Hah, işte başka bir fikir! Böyle, bir… oyun parkı var, tamam mı, ve oyun parkına giren insanlar dışarı çıkamıyor. Burada çok uzun süre kalırsan da aklını yitiriyorsun ve çocuk gibi davranmaya başlıyorsun.
Ya da…
Mutluluk satan bir site! Ve bu siteden alışveriş yapmak için ACINLA ödeme yapıyorsun!
Ya da…
[VERİ GİZLENDİ]
Ama belki de…
Başka bir Evren’e açılan bir yarık! Burada çok vakit geçirirsen deliriyorsun, böyle, kafayı yiyorsun!
Ve hatta belki de…
Bir çöl! Ve… ve… bu çöl… açıkçası… var…
HAYIR!
Bu çoktan yazıldı. Hayır yazılmadı. Evet yazıldı.
….
Ve… eeeeee…. ve… ve bir de…
Bir… kurum var, tamam mı? Bu kurum, bu şeyleri, bu yazılarda geçen şeyleri diğer insanlardan saklamakla görevli çünkü bunlar… bunlar tehlikeli şeyler.
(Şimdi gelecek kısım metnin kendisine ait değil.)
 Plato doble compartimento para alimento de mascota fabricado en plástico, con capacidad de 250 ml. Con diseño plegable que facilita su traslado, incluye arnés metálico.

Ve hatta birden fazla grup var, bu gruplar, bu grupla arkadaşlar ya da mücadele ediyorlar… ve… ve… ne…
Anne? Baba? Orada mısınız? Evet oradalar. Hayır orada değiller seni lanet orospu çocuğu. Sen gerçek bile değilsin. Burası benim evim bile değil.
Bunu sana söyleten ne?
Burası gerçek bile değil. Burası sadece bir çöl hayallerin gerçek olduğu yer.
Ne?! Hayallerin gerçek olduğu yer mi? Buranın nesi hayal?
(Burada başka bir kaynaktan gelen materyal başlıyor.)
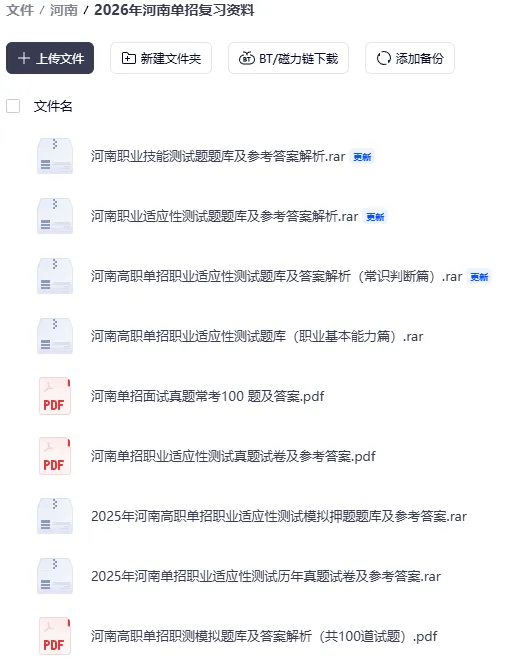 2026年河南单招复习资料、职业技能测试+适应性测试题库、面试100题、100道校测模拟题库汇总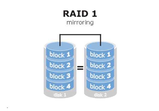 미러링(Mirroring) : 데이터의 안전성을 최우선으로 하여, 같은 데이터를 중복 보관한다. 최소 2개의 디스크 필요, 고비용, 저속도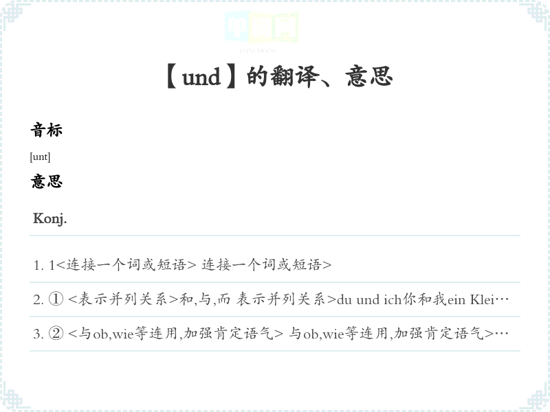 ① <表示并列关系>和,与,而 表示并列关系>du und ich你和我ein Kleid mit roten und schwarzen Streifen.带红色和黑色条纹的女服Ich habe Klavier gespielt, und er hat gelesen. 我弹了钢琴,而读了书。

O kadar aptalsın ki… Anlamıyorsun değil mi?
Neyi anlamıyor…
Oh.
Evet.
Doğru.
Görüyorsun değil mi?
Evet, evet görüyorum.
O zaman, o zaman, bir çöl var, tamam mı? Bu çöl gerçek değil ama, yani hem gerçek hem hayali olabiliyor. Bu çölde yaşayan bir ruh var, bir hayalet, bir fikir, tamam mı? Bu çöle giren herkes bu FİKİR’in kurbanı oluyor, bu FİKİR, bu kişileri kullanıyor, onlarla bir anlaşma yapıyor, tamam mı? Ve anlaşmayı reddetme şansları yok. Onların yazdıkları fikirleri gerçek yapma yeteneğini veriyor ve sonra, sonra, bu fikirlerden beslenip, daha güçlü oluyor, büyüyor, genişliyor. Ve… ve ayrıca bu çok tehlikeli bir varlık çünkü eğer yeterince fikre sahip olursa bütün dünyayı kaplayıp hepimizin sonunu getirebilir!
Aferin… Çok güzel…
…
…
…
O elindeki ne? Defter mi?
[DÖKÜMANIN SONU]
AETHER-001’in obje sınıfını Omega’ya çıkarma önerisi şu anda gözden geçiriliyor.